→ **Work instruction**
Give the data below again exactly as written, without its pictures.

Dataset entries
━━━━━━━━━━━━━━━━

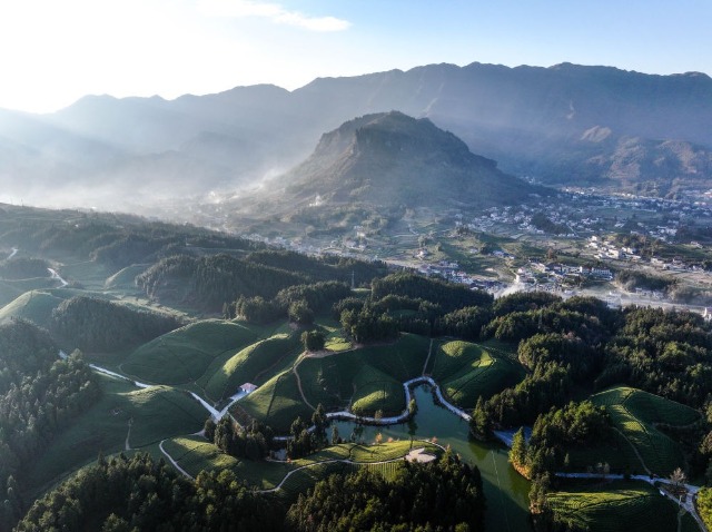 這是2023年12月5日拍攝的湖北省鶴峰縣走馬鎮楊柳池茶園風光(無人機照片)。新華社記者 楊文斌 攝
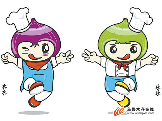 吉祥物是两个卡通形象,代表一男一女,取名“齐齐”和“乐乐”,意为“齐享欢乐”。据设计师冀玙介绍,吉祥物的创作灵感来自——新疆饮食的特色之一“皮牙子”(洋葱)。冀玙说,新疆的风味饮食全国独树一帜,而“皮牙子”更是营养丰富应用广泛。“皮牙子”作为吉祥物的创作原型,更加贴合新疆的饮食文化。
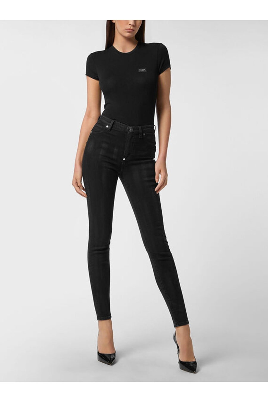 High Waist Jeggings Philipp Plein five-pocket denim featuring a basic fit and shiny details. ? Stretch denim fabric, leather label sewn on the back, adjustable waistband with metal button.
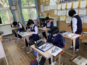 心を落ち着かせ、学習発表会で展示する習字をしています。
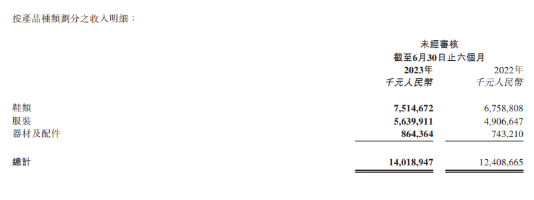 李宁收入由鞋类、服装、器材及配件三部分构成,其中服饰成了李宁业绩的软肋,鞋类则成为李宁拉动业绩增长的主要引擎。财报显示,服装收入下滑9.4%至107.09亿元,占总营收的比重由52.4%下滑至41.5%,而鞋类收入大幅增长41.8%至134.79亿元,占总营收的比重由上年的42.1%提升至52.2%。
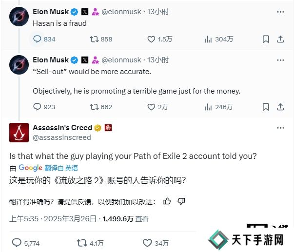 正是马斯克这句关于“糟糕游戏”的评论,引来了《刺客信条》官方 X 账号的直接回应。该账号并没有直接为游戏辩护,而是简洁而尖锐地反问道:“这是那个帮你玩《流放之路 2》(Path of Exile 2)账号的人告诉你的吗?”
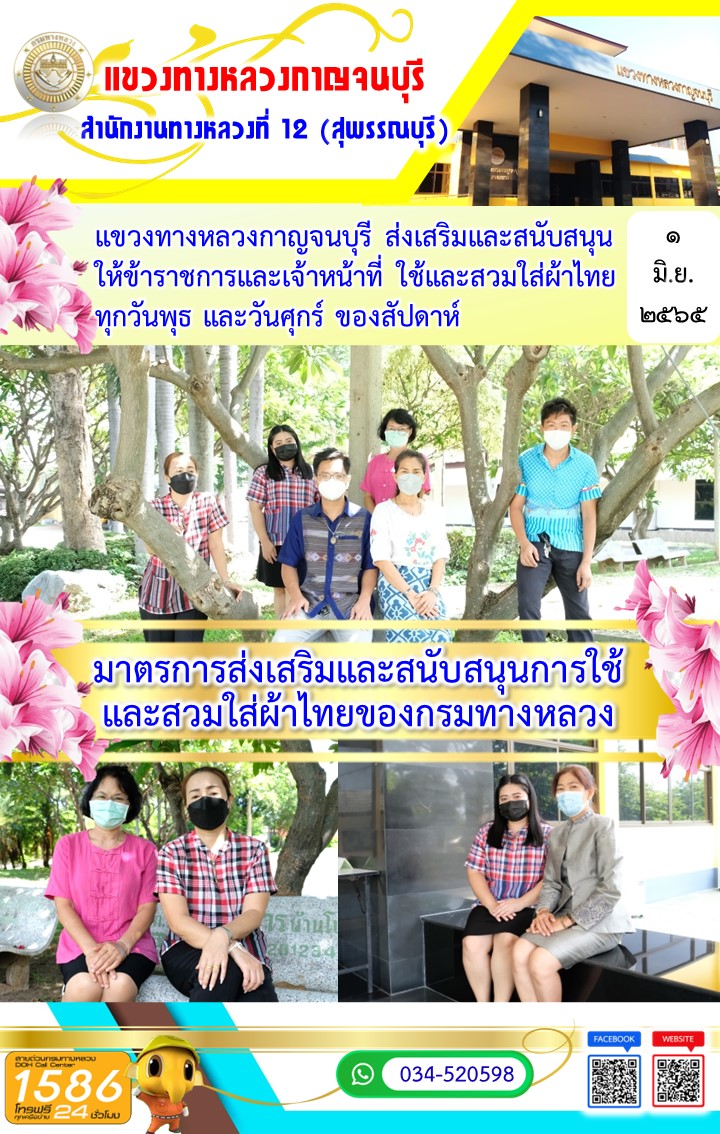 วันที่ 18 พ.ค. 2565 แขวงทางหลวงกาญจนบุรี รณรงค์แต่งกายด้วยผ้าไทย เพื่อส่งเสริมและสนับสนุนการใช้และสวมใส่ผ้าไทย เป็นการอนุรักษ์และสืบสานภูมิปัญญาของไทย สร้างค่านิยมและการตระหนักรับรู้การรักษามรดกและอัตลักษณ์ภูมิปัญญาของไทย

━━━━━━━━━━━━━━━━

→ **Exercise answer**
 這是2023年12月5日拍攝的湖北省鶴峰縣走馬鎮楊柳池茶園風光(無人機照片)。新華社記者 楊文斌 攝
 吉祥物是两个卡通形象,代表一男一女,取名“齐齐”和“乐乐”,意为“齐享欢乐”。据设计师冀玙介绍,吉祥物的创作灵感来自——新疆饮食的特色之一“皮牙子”(洋葱)。冀玙说,新疆的风味饮食全国独树一帜,而“皮牙子”更是营养丰富应用广泛。“皮牙子”作为吉祥物的创作原型,更加贴合新疆的饮食文化。
 High Waist Jeggings Philipp Plein five-pocket denim featuring a basic fit and shiny details. ? Stretch denim fabric, leather label sewn on the back, adjustable waistband with metal button.
 心を落ち着かせ、学習発表会で展示する習字をしています。
 李宁收入由鞋类、服装、器材及配件三部分构成,其中服饰成了李宁业绩的软肋,鞋类则成为李宁拉动业绩增长的主要引擎。财报显示,服装收入下滑9.4%至107.09亿元,占总营收的比重由52.4%下滑至41.5%,而鞋类收入大幅增长41.8%至134.79亿元,占总营收的比重由上年的42.1%提升至52.2%。
 正是马斯克这句关于“糟糕游戏”的评论,引来了《刺客信条》官方 X 账号的直接回应。该账号并没有直接为游戏辩护,而是简洁而尖锐地反问道:“这是那个帮你玩《流放之路 2》(Path of Exile 2)账号的人告诉你的吗?”
 วันที่ 18 พ.ค. 2565 แขวงทางหลวงกาญจนบุรี รณรงค์แต่งกายด้วยผ้าไทย เพื่อส่งเสริมและสนับสนุนการใช้และสวมใส่ผ้าไทย เป็นการอนุรักษ์และสืบสานภูมิปัญญาของไทย สร้างค่านิยมและการตระหนักรับรู้การรักษามรดกและอัตลักษณ์ภูมิปัญญาของไทย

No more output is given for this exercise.